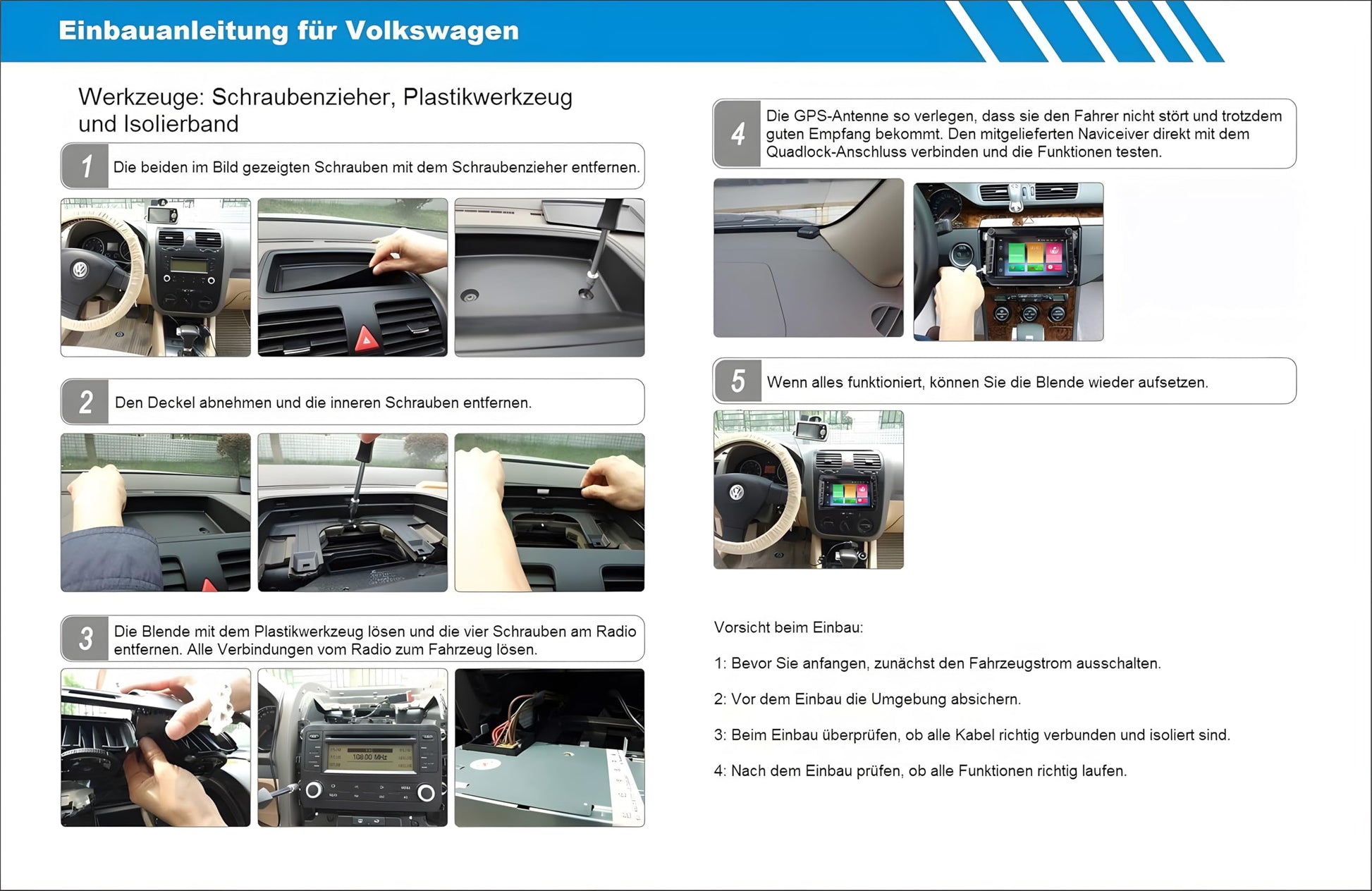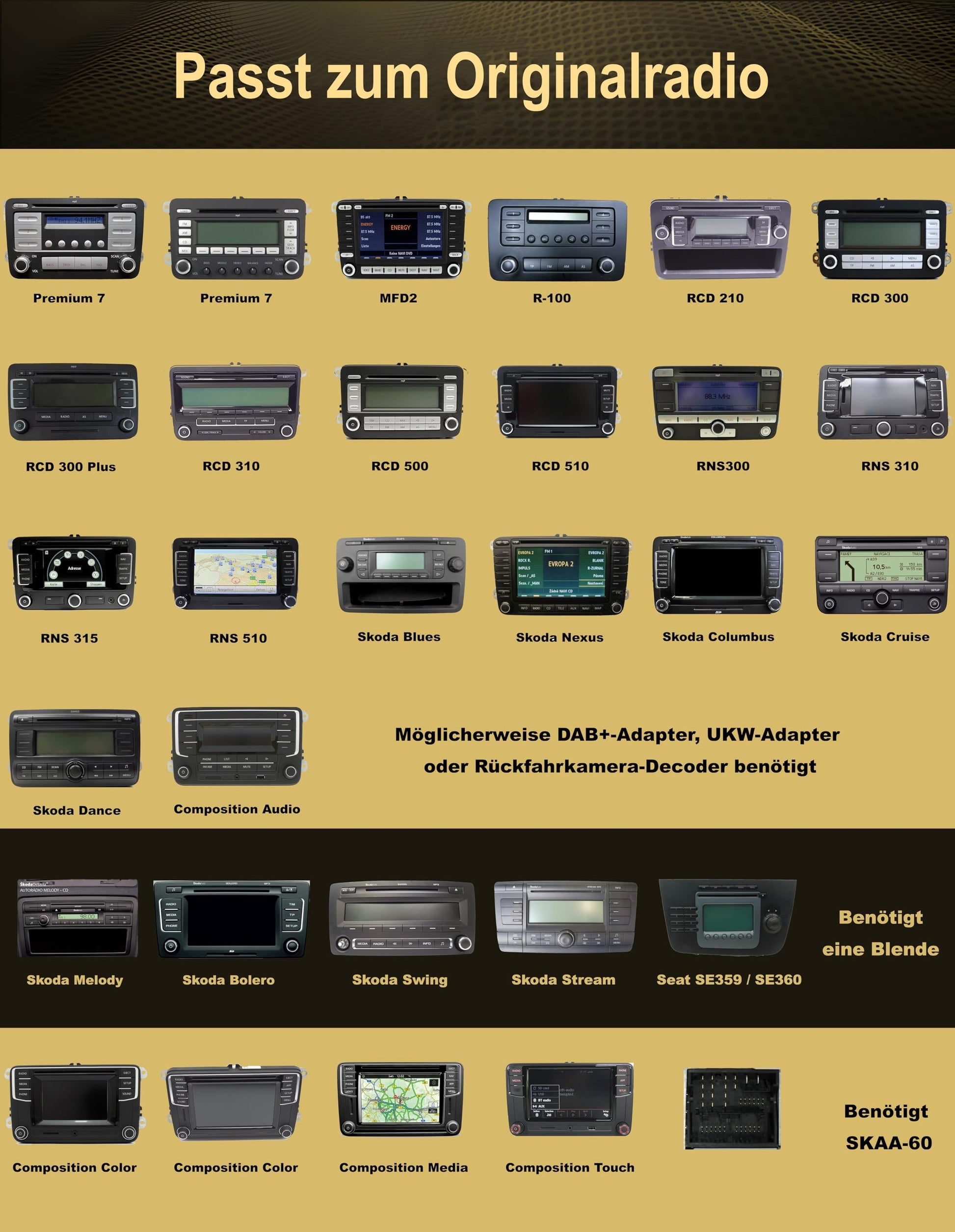 Das Radio ist für eine Vielzahl von VW-, Skoda- und Seat-Modellen konzipiert. Prüfen Sie bitte die detaillierte Fahrzeugliste. Der Einbau ist dank Plug-and-Play-Anschlüssen und CAN-Bus-Unterstützung vereinfacht. Beachten Sie jedoch, dass bei einigen Modellen ab ca. 2015 ein Quadlock-Adapter (QA) oder eine neue Blende benötigt wird.
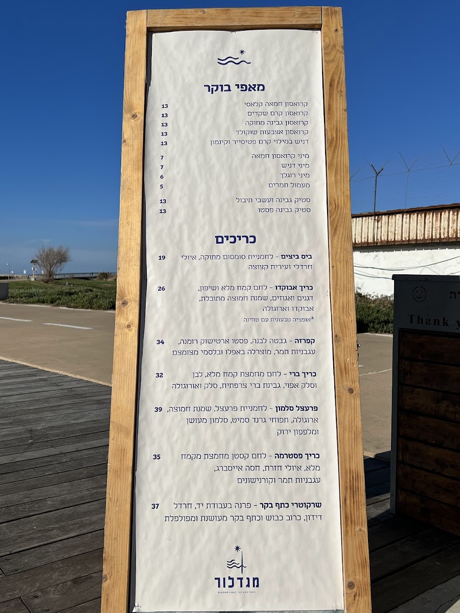 The menu at Migdalor Cafe reflects the relaxed and breezy vibe of its seaside setting. Offering a simple selection of comforting drinks and casual bites, it caters well to those stopping by for a light refreshment or a laid-back snack by the water.
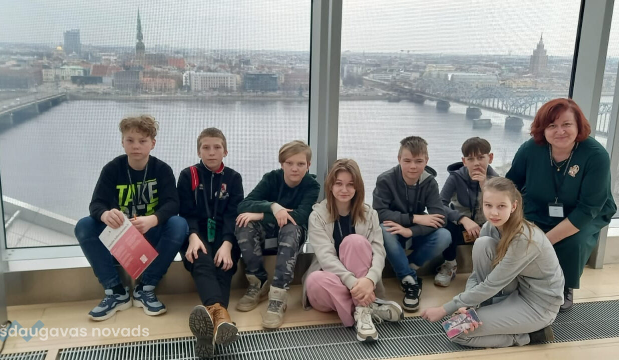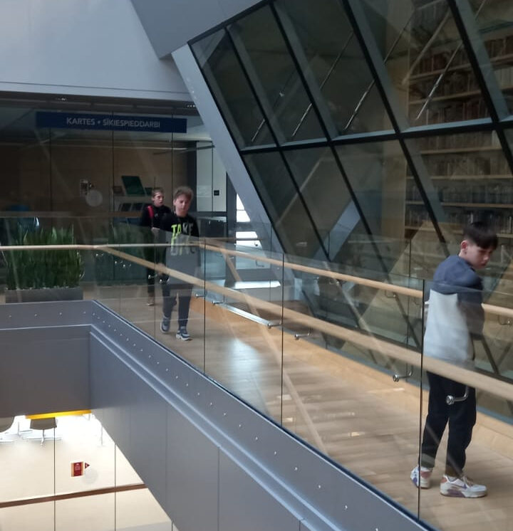 Ceļā devāmies ar vilcienu - daudziem tas bija pirmais brauciens ar šo transporta līdzekli un pa Rīgu pārvietojāmies kājām! Vispirms apmeklējām Latvijas Nacionālo bibliotēku, kur izspēlējām Orientēšanās spēli. Tā bija interesanta pieredze – pašiem pārvietoties pa stāviem, meklēt objektus un atbildēt uz jautājumiem. Uzbraucām arī bibliotēkas 11. un 12.stāvā, lai redzēto skaisto Rīgas panorāmu no augšas.
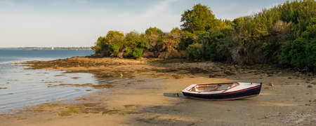 Brittany, Ile-aux-Moines island at sunrise, with a wooden row boat

**Problem requirements**.
Reproduce every line of the material precisely, omitting its pictures.

**Response area**.
 Das Radio ist für eine Vielzahl von VW-, Skoda- und Seat-Modellen konzipiert. Prüfen Sie bitte die detaillierte Fahrzeugliste. Der Einbau ist dank Plug-and-Play-Anschlüssen und CAN-Bus-Unterstützung vereinfacht. Beachten Sie jedoch, dass bei einigen Modellen ab ca. 2015 ein Quadlock-Adapter (QA) oder eine neue Blende benötigt wird.
 The menu at Migdalor Cafe reflects the relaxed and breezy vibe of its seaside setting. Offering a simple selection of comforting drinks and casual bites, it caters well to those stopping by for a light refreshment or a laid-back snack by the water.
 Ceļā devāmies ar vilcienu - daudziem tas bija pirmais brauciens ar šo transporta līdzekli un pa Rīgu pārvietojāmies kājām! Vispirms apmeklējām Latvijas Nacionālo bibliotēku, kur izspēlējām Orientēšanās spēli. Tā bija interesanta pieredze – pašiem pārvietoties pa stāviem, meklēt objektus un atbildēt uz jautājumiem. Uzbraucām arī bibliotēkas 11. un 12.stāvā, lai redzēto skaisto Rīgas panorāmu no augšas.
 Brittany, Ile-aux-Moines island at sunrise, with a wooden row boat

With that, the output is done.